* _PROVIDED RECORDS_:
■ ■ ■ ■ ■ ■ ■
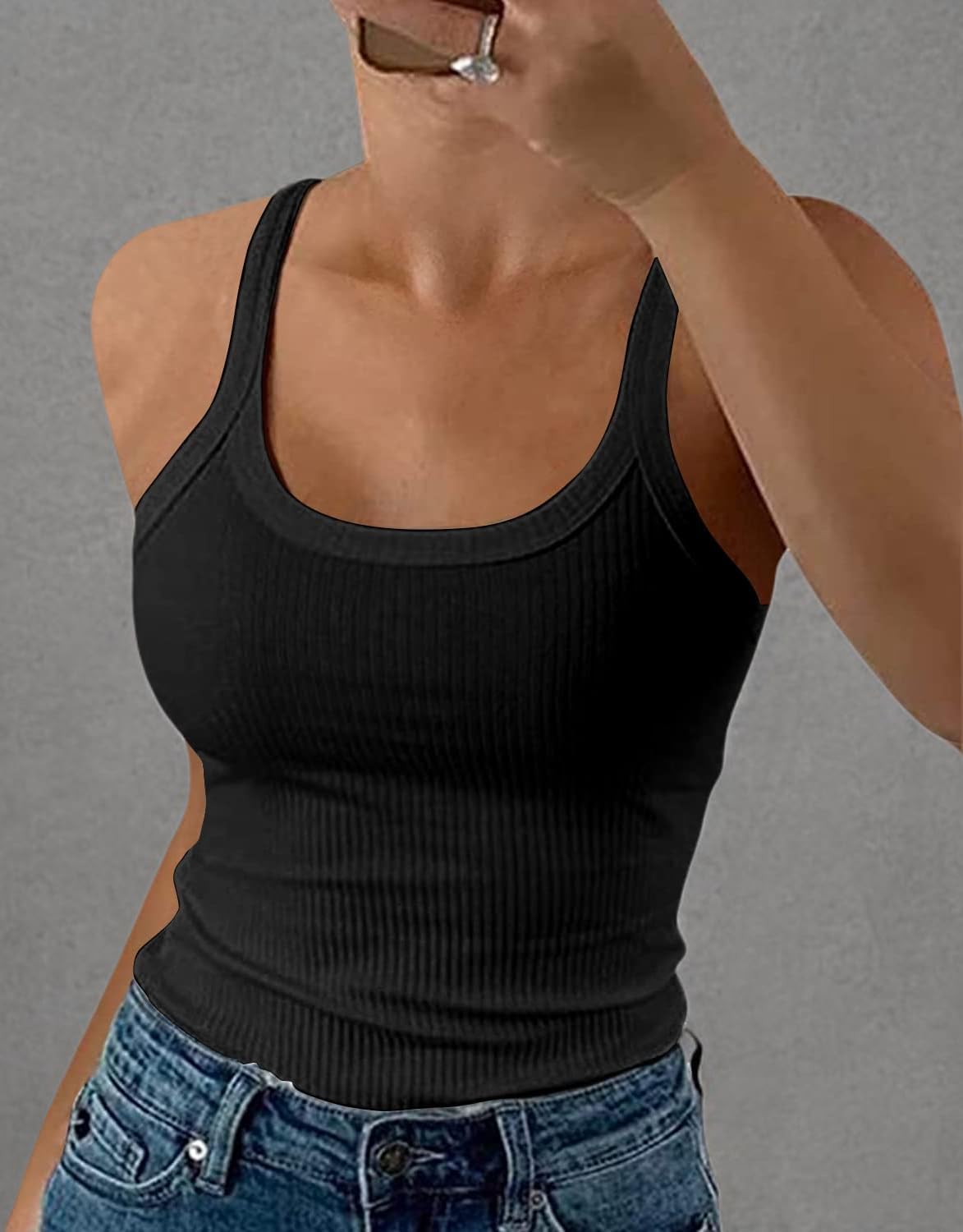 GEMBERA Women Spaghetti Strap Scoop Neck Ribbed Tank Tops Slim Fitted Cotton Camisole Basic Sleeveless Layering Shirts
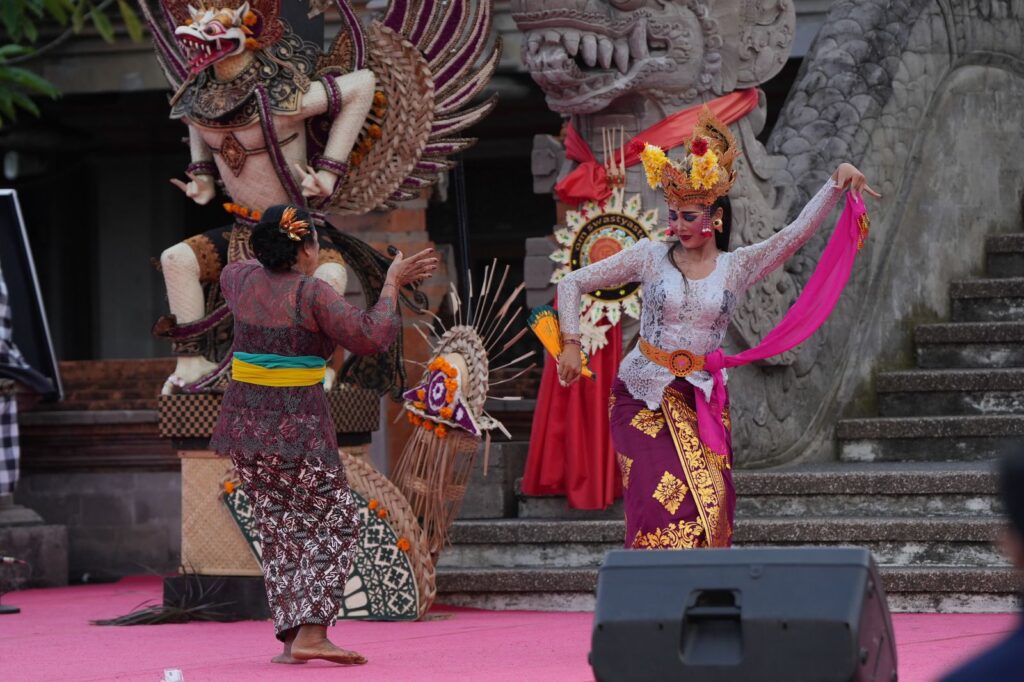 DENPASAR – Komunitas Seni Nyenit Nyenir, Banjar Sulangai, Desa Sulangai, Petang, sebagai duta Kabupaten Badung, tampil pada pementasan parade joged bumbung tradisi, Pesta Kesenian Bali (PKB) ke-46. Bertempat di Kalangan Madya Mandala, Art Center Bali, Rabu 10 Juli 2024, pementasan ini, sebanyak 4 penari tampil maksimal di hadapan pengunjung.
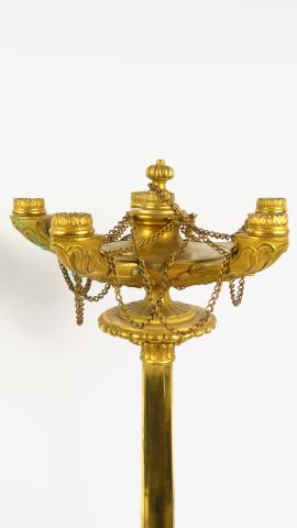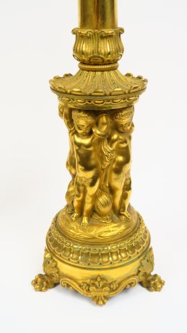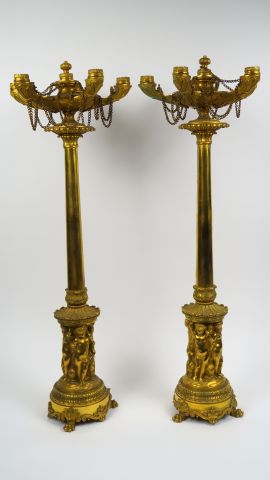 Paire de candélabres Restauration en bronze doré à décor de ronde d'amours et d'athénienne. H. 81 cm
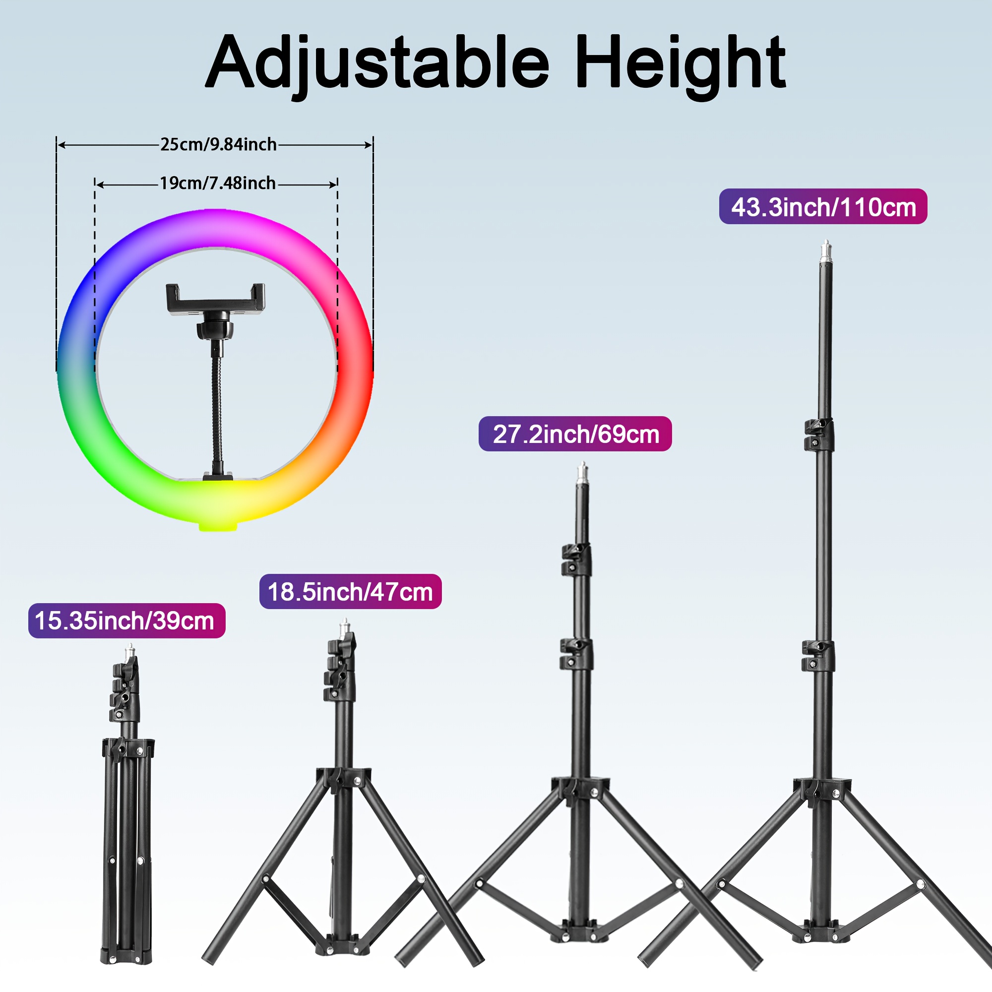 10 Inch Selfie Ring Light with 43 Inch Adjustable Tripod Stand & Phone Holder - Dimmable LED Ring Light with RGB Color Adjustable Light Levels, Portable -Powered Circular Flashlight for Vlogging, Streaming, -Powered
■ ■ ■ ■ ■ ■ ■
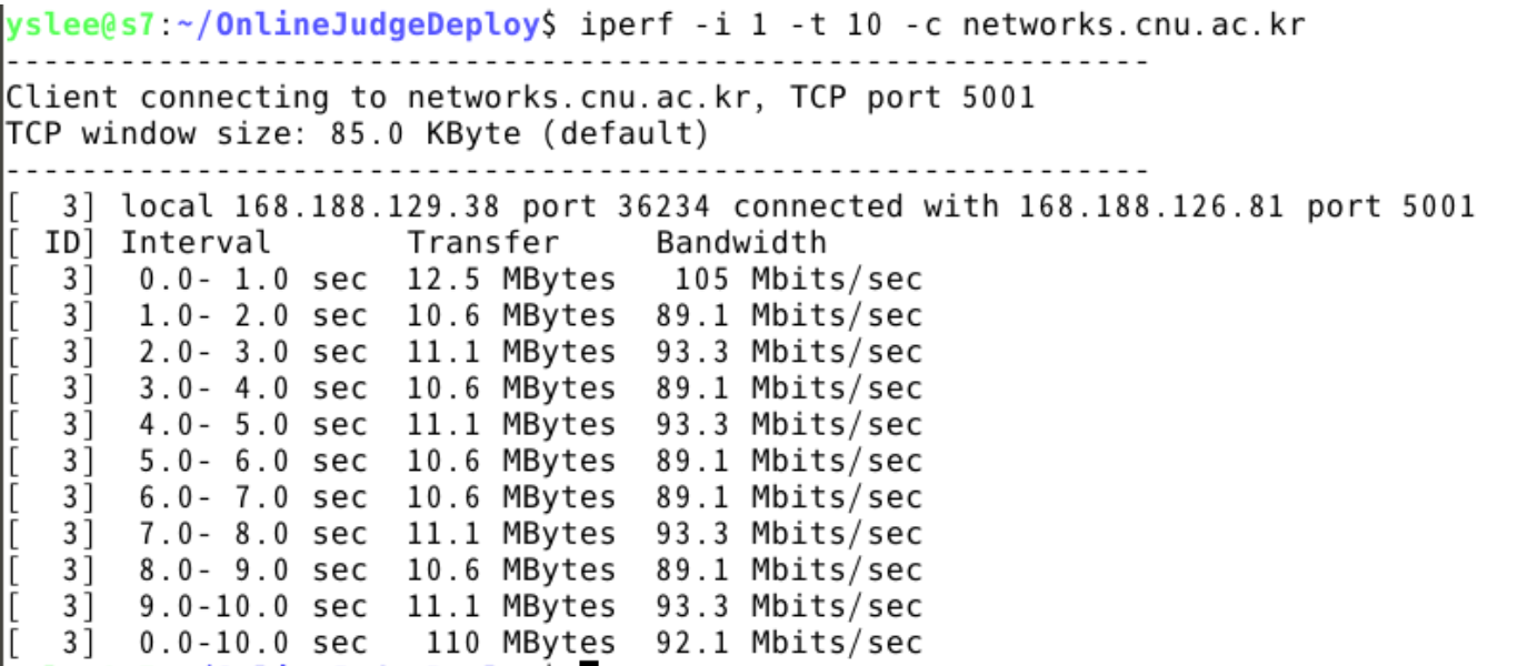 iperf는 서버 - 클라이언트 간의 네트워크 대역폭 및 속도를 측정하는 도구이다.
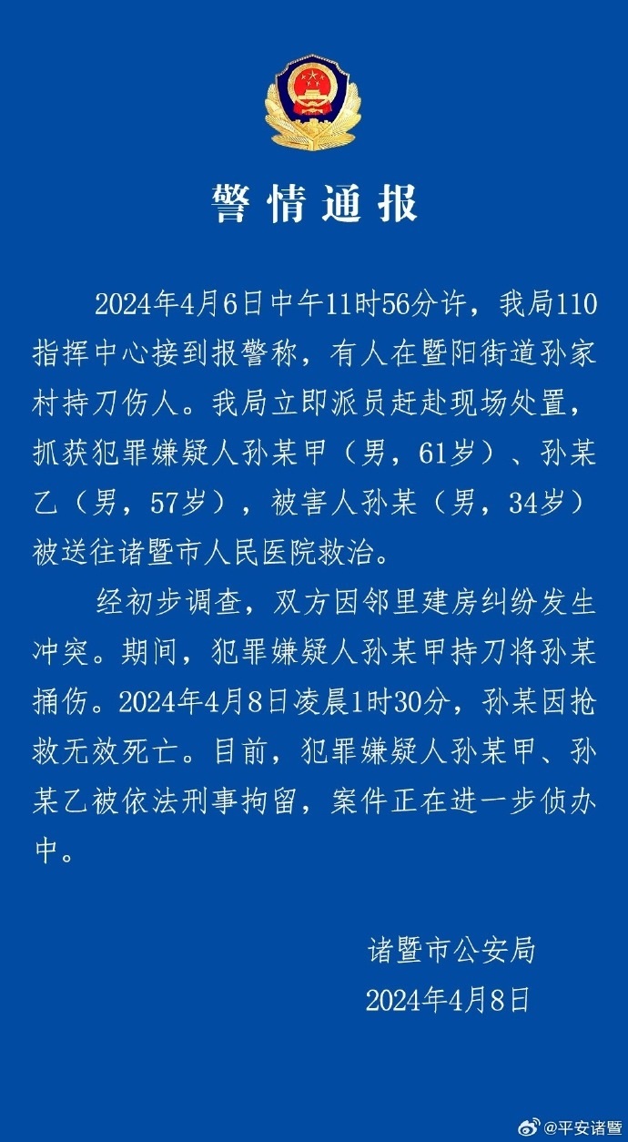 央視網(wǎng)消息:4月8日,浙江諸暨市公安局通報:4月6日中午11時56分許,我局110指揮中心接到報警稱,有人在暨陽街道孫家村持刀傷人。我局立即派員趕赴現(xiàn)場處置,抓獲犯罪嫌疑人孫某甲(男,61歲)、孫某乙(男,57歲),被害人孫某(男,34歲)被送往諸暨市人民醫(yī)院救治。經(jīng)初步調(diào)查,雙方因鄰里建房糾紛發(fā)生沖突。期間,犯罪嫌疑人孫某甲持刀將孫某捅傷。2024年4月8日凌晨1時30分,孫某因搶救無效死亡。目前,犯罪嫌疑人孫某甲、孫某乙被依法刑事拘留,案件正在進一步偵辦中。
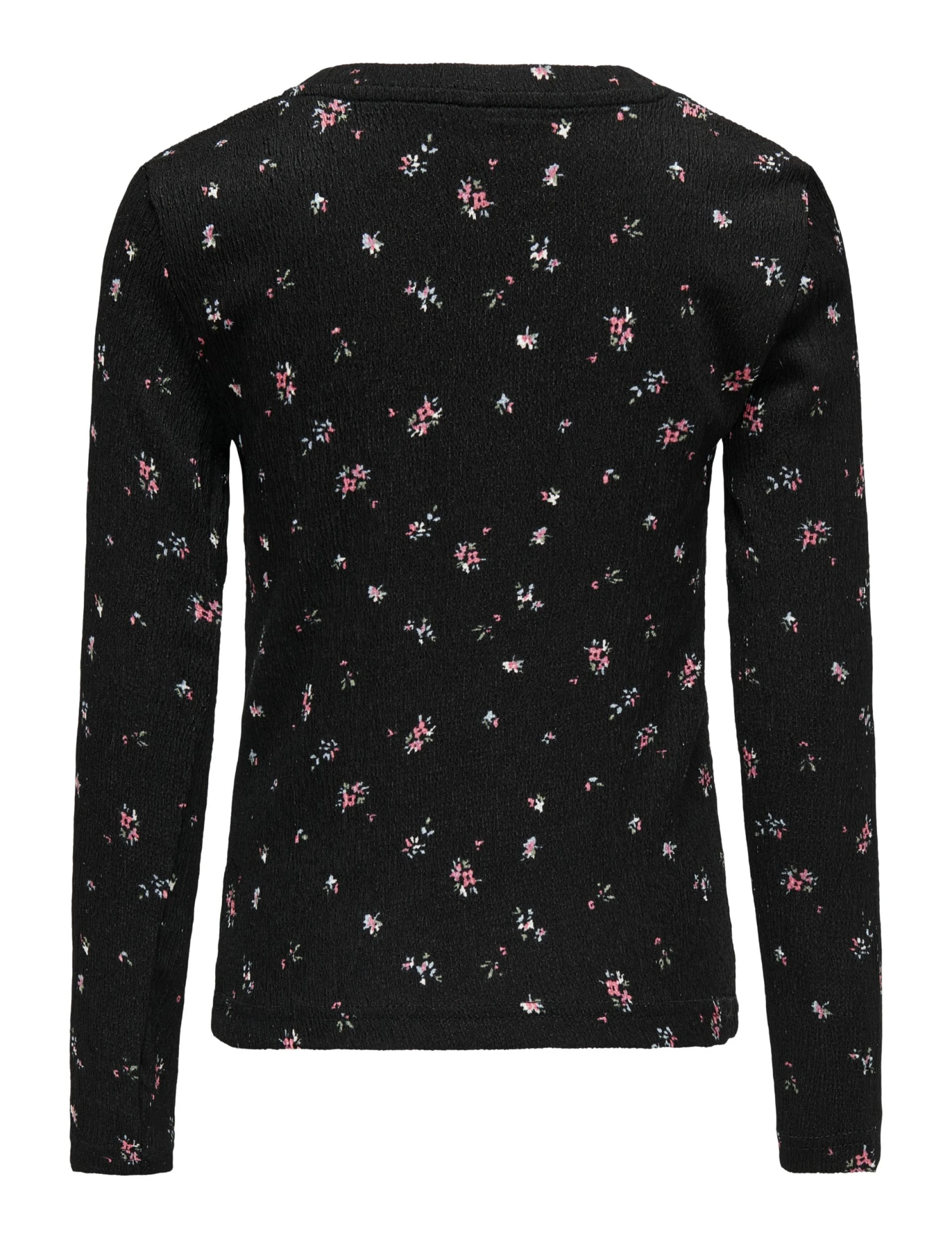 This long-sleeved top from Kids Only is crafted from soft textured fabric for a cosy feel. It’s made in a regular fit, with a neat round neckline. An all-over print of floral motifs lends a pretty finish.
■ ■ ■ ■ ■ ■ ■
* _THE TASK_:
In the entries above, find the line with "GEMBERA Women Spaghetti" and the line with "10 Inch Selfie". Return exactly those lines and all the ones between them, pictures excluded.

* _RESPONSE TO THIS TASK_:
 GEMBERA Women Spaghetti Strap Scoop Neck Ribbed Tank Tops Slim Fitted Cotton Camisole Basic Sleeveless Layering Shirts
 DENPASAR – Komunitas Seni Nyenit Nyenir, Banjar Sulangai, Desa Sulangai, Petang, sebagai duta Kabupaten Badung, tampil pada pementasan parade joged bumbung tradisi, Pesta Kesenian Bali (PKB) ke-46. Bertempat di Kalangan Madya Mandala, Art Center Bali, Rabu 10 Juli 2024, pementasan ini, sebanyak 4 penari tampil maksimal di hadapan pengunjung.
 Paire de candélabres Restauration en bronze doré à décor de ronde d'amours et d'athénienne. H. 81 cm
 10 Inch Selfie Ring Light with 43 Inch Adjustable Tripod Stand & Phone Holder - Dimmable LED Ring Light with RGB Color Adjustable Light Levels, Portable -Powered Circular Flashlight for Vlogging, Streaming, -Powered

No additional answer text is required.